Histoire

La barbe, cet excellent marqueur historique

Repéré par Sacha Nelken, mis à jour le 26.01.2016 à 14 h 57

Repéré sur Esquire

Le Jour ni l’Heure 2214 : Jean-Baptiste Carpeaux, 1827-1875, Hector implorant les dieux en faveur de son fils Astyanax, 1854 | Renaud Camus via Flickr CC License by[

Le Jour ni l’Heure 2214 : Jean-Baptiste Carpeaux, 1827-1875, Hector implorant les dieux en faveur de son fils Astyanax, 1854 | Renaud Camus via Flickr CC License by[

Ces dernières années, le nombre de personnes arborant une barbe dans nos rues a fortement augmenté. Pas seulement «accessoire de style», cette pilosité affichée pourrait en dire long sur notre époque et sur les précédentes, selon Christopher Oldstone-Moore, auteur du livre Of Beards and Men, qui accorde une interview au site américain Esquire et pour qui «l’histoire des hommes est écrite sur leurs visages».

Dans cet entretien traitant de l'évolution de la barbe à travers les âges, le nom d’Alexandre le Grand est largement cité puisque Oldstone-Moore nous apprend qu’il est le premier à avoir imposé le rasage comme une norme en Occident. Le roi de Macédoine, qui vivait au IVe siècle avant Jésus-Christ, demandait notamment à ses guerriers de se raser pour ne pas qu’on puisse les attraper par la barbe dans les combats au corps à corps.

Outre aujourd'hui, l'universitaire dénombre trois autres périodes durant lesquelles la barbe était «in» le XIXe siècle, où les hommes de toutes les classes sociales adoptaient le poil; le Moyen-Âge et le tout début de la Renaissance; et, enfin, le règne de l’empereur romain Hadrien (117-138 après Jésus-Christ). Se voyant comme un empereur «sage», il décida de se laisser pousser la barbe, à l’instar des philosophes stoïciens, afin de se rapprocher de la nature et d’en respecter les lois.

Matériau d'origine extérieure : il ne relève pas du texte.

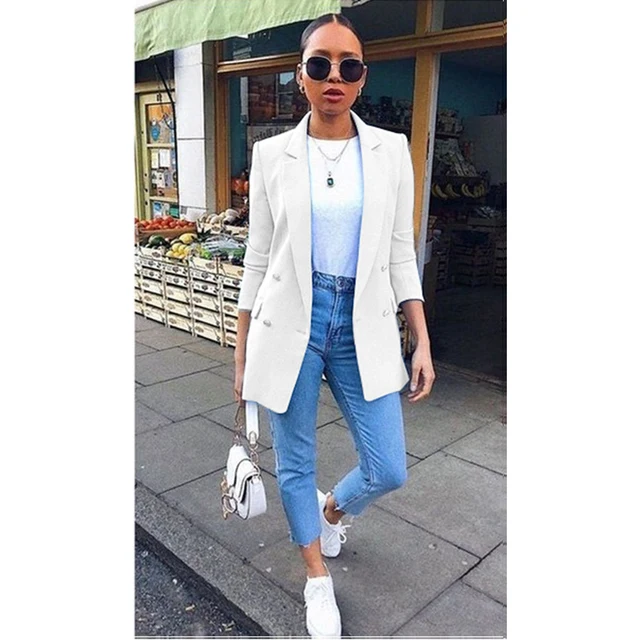21 Apparel Autumn Chic White Long Suit Blazer Women Double Breasted Ladies Blazers 16 Winter Coat Jacket Office Outwear From Dongtoujiuxian 57 62 Dhgate Com
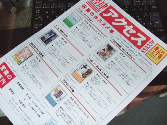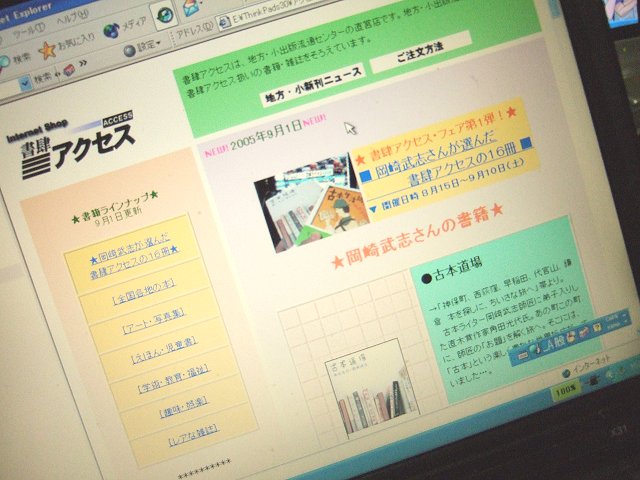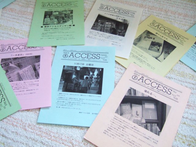 2003年、再び「書肆アクセス」のホームページに関わることになる。 コンピュータシステムの担当者として、地方・小出版流通センターに中途で入社してきた方から、「アクセス」のホームページを使って、インターネット書店(オンライン書店)を始めたらどうかと話を持ちかけられたのだ。 2000年を境(さかい)に、大型のオンライン書店がつぎつぎと開設し、検索エンジン『Google』(日本語版)が急速に発達していった。 自宅のパソコンで欲しい書籍を『Google』で検索すれば、オンライン書店のサイト名がつぎつぎに表示され、クリックひとつで注文できる環境がこのころには整いつつあった。 話を持ちかけた方が、どこまで本気でオンライン書店をやろうとしていたのかはいまとなっては判らないが、(リアル書店としての)「アクセス」はそろそろ危ないんじゃないかと、感じていたことだけは確かだった。 すでに1990年代後半から、書店や出版業界の状況は目まぐるしく変化していた。 出版不況、書店の大型化、「神田村」(神保町)の衰退、オンライン書店の台頭。 「書肆アクセス」も、この波に飲み込まれていく。 売り上げが伸び悩み、経営状態はこの年あたりから目に見えて悪化していった。 ◆◆◆◆◆ 2003年10月、「書肆アクセス」のホームページをリニューアルする。 「店長のオススメ本!」として、6冊の新刊を写真入りで紹介するトップページに変更し、ジャンル別に新刊案内を紹介する「書籍ラインナップ」のコーナーを新たに追加けた。 トップページのデータを活用した店頭用のポスター(A4サイズ)も、リニューアルと同時に再開する。 何度かホームページを更新していくうちに、気になる点が見つかった。 開設当初と変わらず、「書肆アクセス」のホームページは、地方・小出版流通センターのウェブサイト内にあり、地方・小から委託を受けた編集制作事務所がサイトの管理をしていた。 作成したホームページのデータを、いったんその事務所へ転送し、事務所側がホームページを更新するという手順を踏んでいたので、こちらから直接、「アクセス」のホームページを更新できなかった。 そのため、ホームページの更新やフォーマットを変更するときに、何度かトラブルに見舞われたのだ。 (使用しているパソコン(Win・Mac)や、ホームページ作成ソフトの違いによるものと思われる) また、リアルタイムに更新できないことも、のちのち新刊を紹介していくときのネックになっていくだろうと思っていた。 ◆◆◆◆◆ そこで2004年3月、「書肆アクセス」のブログ『書肆アクセス半畳日録』を開始する。 畠中店長と「書肆アクセス」のスタッフが、随時、ブログ上に新刊案内を書き込んでいき、ブログの更新データを活用しながら、私が「アクセス」のホームページを定期的(月2回)に更新するという製作体制がこの時点でできあがった。 以後、この体制のまま、ホームページとブログは「書肆アクセス」の閉店まで続けられていく。 じつは、ブログを始めた理由はもうひとつあった。 畠中店長とスタッフによる、「書肆アクセス」の「日記」を、どうしてもブログ上で再開してもらいたかったのだ。 リニューアルしたホームページは、オンライン書店を意識した作りで、本屋まで足を運ばずに「インターネット上」で本を買っていく人たちをターゲットにしていた。 ともすれば、「書肆アクセス」という本屋の存在を、私はないがしろにしていたことになる。 畠中店長はむしろ、神保町まで足を運んで「書肆アクセス」へ本を買いに来る人たちを増やそうと考えていた。 神田神保町に店を構える、「書肆アクセス」という本屋の店長としての、あたりまえの仕事をおこなおうとしていたのである。 「書肆アクセス」のほんとうの魅力は、畠中店長とスタッフたちが醸(かも)し出す、あたたかな店の雰囲気にあった。 せまいけれど、人と人とのぬくもりが感じられる、とても素敵な本屋だということを、できるだけ多くの人たちに知ってもらうためには、「書肆アクセス」で働らく畠中店長やスタッフたちの「日記」が必要だった。 ◆◆◆◆◆ 2004年5月、「書肆アクセス」の店舗や店内を撮影した写真を、ホームページ上に掲載し始める。 ブログ上で「日記」とあわせて写真を貼っていけたらと思っていたのだが、当時の「アクセス」にはデジカメやスキャナなどの機材もなく、畠中店長やスタッフたちもまだ、ブログの操作に不慣れだったため、「書肆アクセス」のホームページ上に写真を載せていくことにした。 ホームページ製作の兼ね合いから、撮影は私がおこなうことになる。 写真をクリックすると、ブログ『書肆アクセス半畳日録』へリンクするようになっていた。 ◆◆◆◆◆ 2004年9月、フリーペーパー『SIDE B アクセス』を発行する。 ホームページやポスター、ブログのデータを活用して、何か別のこともやろうとしていてたときにふと思いついたのが、96年にパイロット版を製作した『SIDE B アクセス
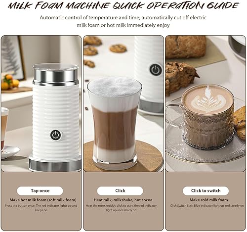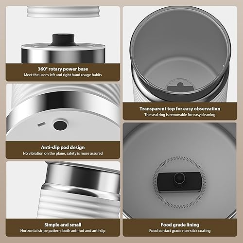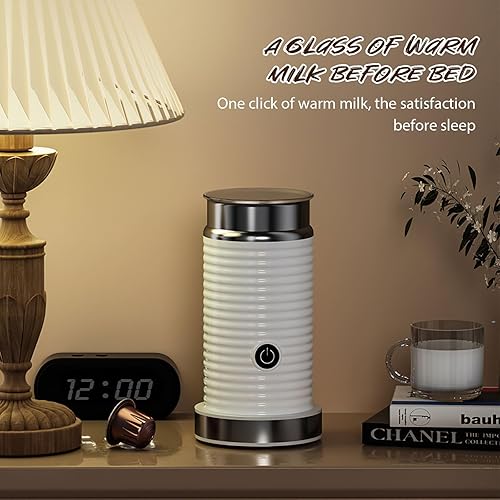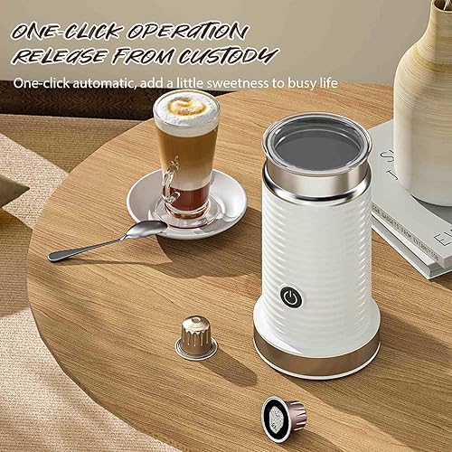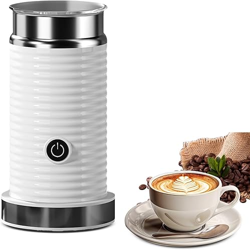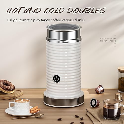 Mousseur à lait électrique 4 en 1, mousseur à lait chaud et froid, machine à mousse de lait automatique, fonctionnement silencieux, pour café, cappuccino (blanc)
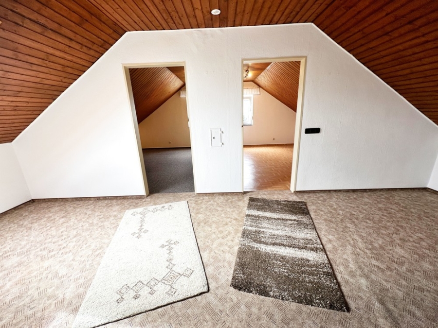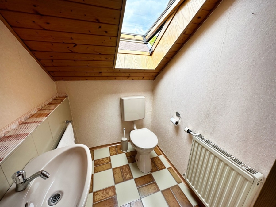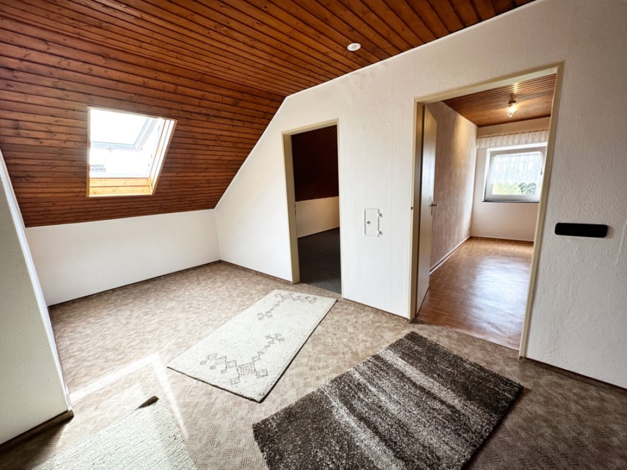 Über das Treppenhaus Ihre zweite Ebene im Dachgeschoss betretend, führt eine große Wohndiele Sie in zwei weitere Räume und ein Gäste WC.
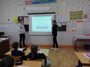 - В МКОУ «Новохоперская ООШ» № 65 прошёл классный час на тему «Кто такие волонтёры?». «Волонтёры Победы» рассказали ребятам откуда появилось слово «волонтёр». Также целью классного часа было сформировать у детей представление о волонтёрском движении, о его основных направлениях.

La barbe est donc aussi un marqueur de l’époque. Elle sert, à chaque fois, à redéfinir dans un sens ou dans l'autre la perception que l'on peut avoir de la virilité. Quand les Égyptiens, durant l’Antiquité, allaient jusqu’à se raser intégralement (cheveux compris), les Romains gardaient la barbe en signe de sagesse. Chaque civilisation a sa propre perception de ce que représente la barbe, signe de bestialité pour les uns, de culture pour d'autres.

La grande mode de la barbe actuelle est symptomatique d'une époque où les codes sociaux ont éclaté. Elle n’est plus réservée aux hipsters ou aux religieux, mais bien à la société masculine toute entière, des campagnes jusqu’au conseil des ministres. Reste maintenant à voir si cette mode va perdurer: en tout début d'année, le Telegraph penchait plutôt pour le non.